_REQUIRED ACTION_: Copy out exactly the stretch below, from the line with "When cutting with" through the line with "Snygga sneakers från", both included; the pictures stay out.

RECORDED INFORMATION Start Marker

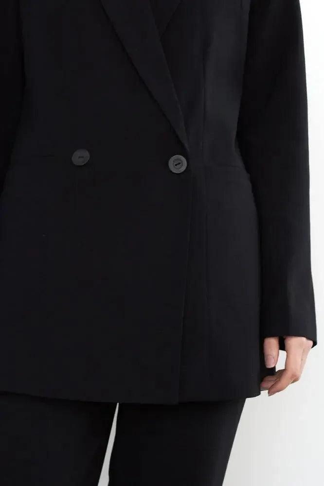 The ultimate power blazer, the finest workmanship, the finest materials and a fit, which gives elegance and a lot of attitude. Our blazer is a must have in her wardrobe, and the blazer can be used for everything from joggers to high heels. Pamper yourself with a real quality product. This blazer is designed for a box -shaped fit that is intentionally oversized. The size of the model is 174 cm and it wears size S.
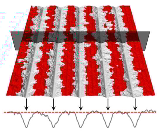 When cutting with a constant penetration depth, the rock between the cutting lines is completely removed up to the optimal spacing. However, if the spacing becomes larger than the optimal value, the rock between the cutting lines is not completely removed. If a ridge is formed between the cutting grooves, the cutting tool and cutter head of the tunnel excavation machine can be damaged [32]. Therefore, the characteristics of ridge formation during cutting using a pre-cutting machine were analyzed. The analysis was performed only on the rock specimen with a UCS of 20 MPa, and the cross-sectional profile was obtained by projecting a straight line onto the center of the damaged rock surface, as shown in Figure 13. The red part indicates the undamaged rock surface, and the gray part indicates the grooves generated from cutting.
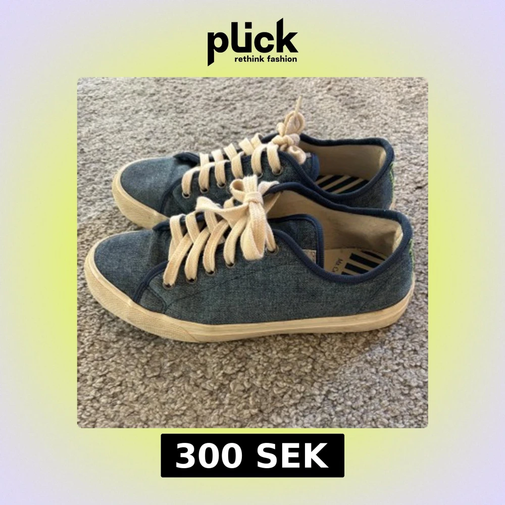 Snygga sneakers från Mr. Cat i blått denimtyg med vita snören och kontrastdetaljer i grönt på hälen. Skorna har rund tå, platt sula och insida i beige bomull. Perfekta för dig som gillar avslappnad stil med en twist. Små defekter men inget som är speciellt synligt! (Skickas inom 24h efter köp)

RECORDED INFORMATION End Marker
RECORDED INFORMATION Start Marker

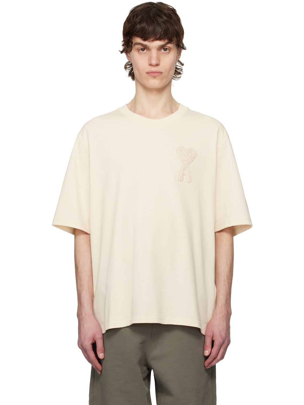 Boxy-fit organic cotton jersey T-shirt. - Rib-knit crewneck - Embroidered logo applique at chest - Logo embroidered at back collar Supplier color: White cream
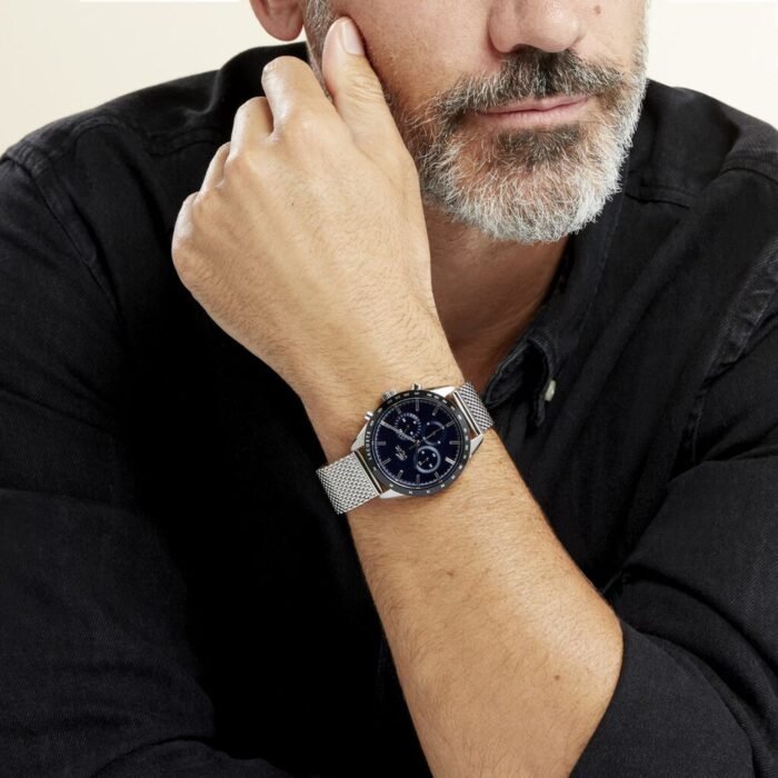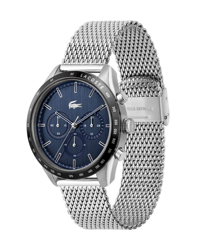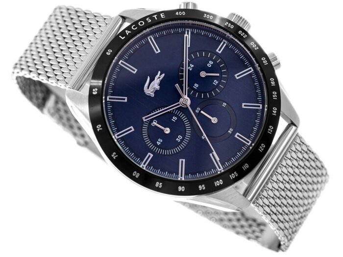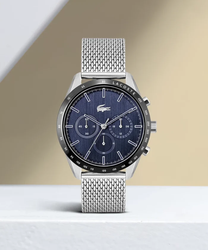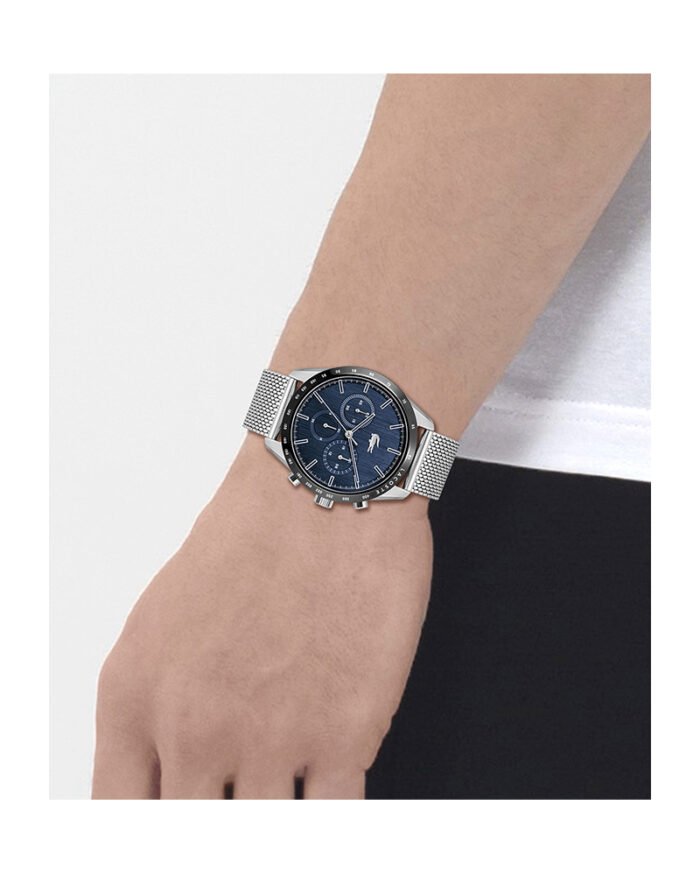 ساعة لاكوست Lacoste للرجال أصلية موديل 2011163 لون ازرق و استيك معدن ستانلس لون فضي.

RECORDED INFORMATION End Marker

_ANSWER TO THE EXERCISE_:
 When cutting with a constant penetration depth, the rock between the cutting lines is completely removed up to the optimal spacing. However, if the spacing becomes larger than the optimal value, the rock between the cutting lines is not completely removed. If a ridge is formed between the cutting grooves, the cutting tool and cutter head of the tunnel excavation machine can be damaged [32]. Therefore, the characteristics of ridge formation during cutting using a pre-cutting machine were analyzed. The analysis was performed only on the rock specimen with a UCS of 20 MPa, and the cross-sectional profile was obtained by projecting a straight line onto the center of the damaged rock surface, as shown in Figure 13. The red part indicates the undamaged rock surface, and the gray part indicates the grooves generated from cutting.
 Snygga sneakers från Mr. Cat i blått denimtyg med vita snören och kontrastdetaljer i grönt på hälen. Skorna har rund tå, platt sula och insida i beige bomull. Perfekta för dig som gillar avslappnad stil med en twist. Små defekter men inget som är speciellt synligt! (Skickas inom 24h efter köp)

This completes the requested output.